A. 職業訓練校より実際の転職活動を優先することをおすすめします。Yahoo!知恵袋でも「普通に転職活動を優先したほうが良い」という現場経験者のアドバイスがあります。面接で具体的な業務内容を質問し、可能であれば職場見学をお願いしましょう。現場を見ることで、「蛍光灯の交換」「空調フィルター清掃」「トイレの詰まり対応」などの実際の作業がイメージできるようになります。
Q2. ホテルの施設管理は本当にオフィスビルより激務なの?
A. はい、一般的にホテルの方が激務です。24時間体制での対応が求められ、Yahoo!知恵袋では「ベッドメイクやらされる」「深夜の依頼も頻繁」という実体験が報告されています。ただし、年収はホテルの方が50-80万円高い傾向があります。ワークライフバランスを重視するならオフィスビル、年収アップを目指すならホテルという選択になります。
Q3. 施設管理の職場の人間関係はどんな感じ?
A. 職人気質で厳しいけれど根は良い人が多いというのが現場の声です。技術的な指導は厳格ですが、パワハラのような問題は他業界と比べて少ない傾向にあります。少人数のチームで働くことが多いため、合わない人がいると辛いですが、逆に良い先輩に恵まれると技術を丁寧に教えてもらえる環境です。

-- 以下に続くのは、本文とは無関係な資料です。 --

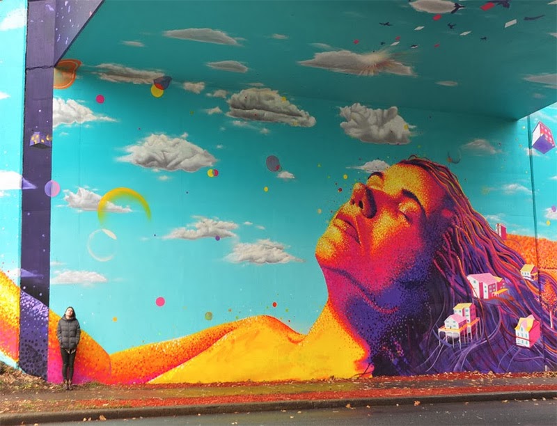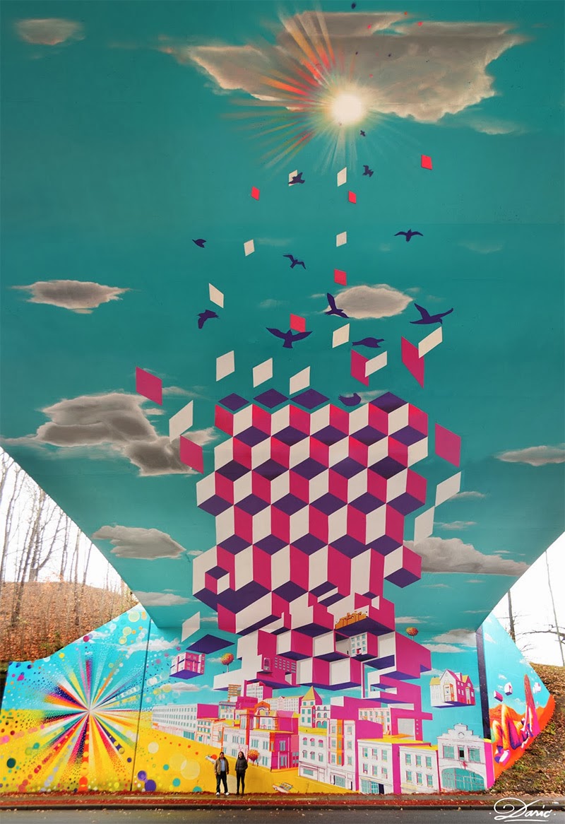 De todos sus trabajos, destacamos sus murales gigantes que incluyen efectos ópticos. El artista juega con la profundidad de campo, los colores y también con el espacio que dispone para crear rincones imposibles, surrealistas y llenos de contrastes.

Q4. 未経験から施設管理に転職するベストタイミングは?
A. 30代前半までがベストタイミングです。30代後半でも転職可能ですが、夜勤・宿直への対応力や継続的な学習意欲がより重要になります。転職前に第二種電気工事士を取得しておくと成功率が上がります。「年をとればとるほど、未経験の場合、転職は難しくなる」という現場の声もあるため、検討中なら早めの行動をおすすめします。
Q5. 施設管理から施工管理への転職は可能?
A. 可能です。施設管理で得た電気・設備の知識は電気施工管理技士の受験に活かせます。実際の面談では、「次の選択で選択肢を潰したくない」と2手先を読んでキャリアプランを立てる転職者も多くいます。施設管理→電気施工管理技士取得→施工管理への転職という3段階のキャリアパスが現実的です。年収も施工管理の方が100-150万円高くなる傾向があります。